The goal is to provide a power tool for users interested in the history of JW. Through NLP, the user can explore the evolution and the doctrine of this religion in a way that is impossible simply using the original library.
Sociologist of religions, historians of religions, former JWs.
The main components of the infrastructure should be:
- web scraper
- S3 bucket for data dump
- non-sql database to store the parsed data
- transformer module
- indexing module and search engine
- machine learning engine that runs NLP tasks on the scraped data
- interactive front-end with visualizations and the results of the NLP tasks
These components should be hosted on the cloud (AWS) and the interactive front-end should be available as web service.
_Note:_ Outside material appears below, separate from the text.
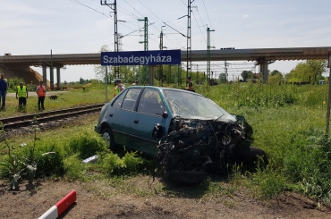 Egy gépjármű vonattal ütközött össze Szabadegyháza térségében, ezért teljes útlezárás van érvényben.

The web scraper is a Python application based on Beatiful Soup. Its responsabilities are:
- connect to the source website
- retrieve the desired HTML files
- return a list of unparsed text elements
The web scraper returns a list on unparsed text elements; these are dumped in the S3 bucket.
A python module that is in charge of:
- extract and clean the text retrieved by the scraper
- organize the content in a shape usable by the search engine and the NLP libraries
- find the links between pubblications and store them in a suitable data structure
- store the parsed data in the non-sql database
This module builds an index of the documents corpus and takes care of the creation of a retrieval function for the search engine.
For this module the application leverages on Pyserini (that is built on top of Lucene). A possible retrieval function is the BM-25.
[OPTIONAL] A re-ranking module based on deep learning refines the search results (similarly as what happens in this search engine. Its infrastructure is described in this paper and represents more or less the state of the art of Information Retrieval based on Deep Learning.
It performs analysis triggered by the user interaction through the UI. For this reason, it is deployed as API on AWS.
Example of analyses:
- time series of the occurence of a specific term/concept
- sentyment analysis of a specific publication
- ...
Given the focus of Pipeline Academy on Data Engineering, the first version of the tool will contain vanilla machine learning. I will provide a baseline of standard techniques and leave for future development more advanced stuff. The idea is to create a modular product that will make easy to deploy additional NLP components.
A front-end built with Streamlit that let the user:
- submit queries to the search engine (corpus exploration)
- access to the analyses provided by the Machine Learning Engine
The application is deployed on AWS with Prefect. The ETL steps are executed each month, in order to retrieve the last issues of the publications.
Integration with Github Actions.
[IF FEASIBLE] An API is provided to let other applications download the results of the analyses.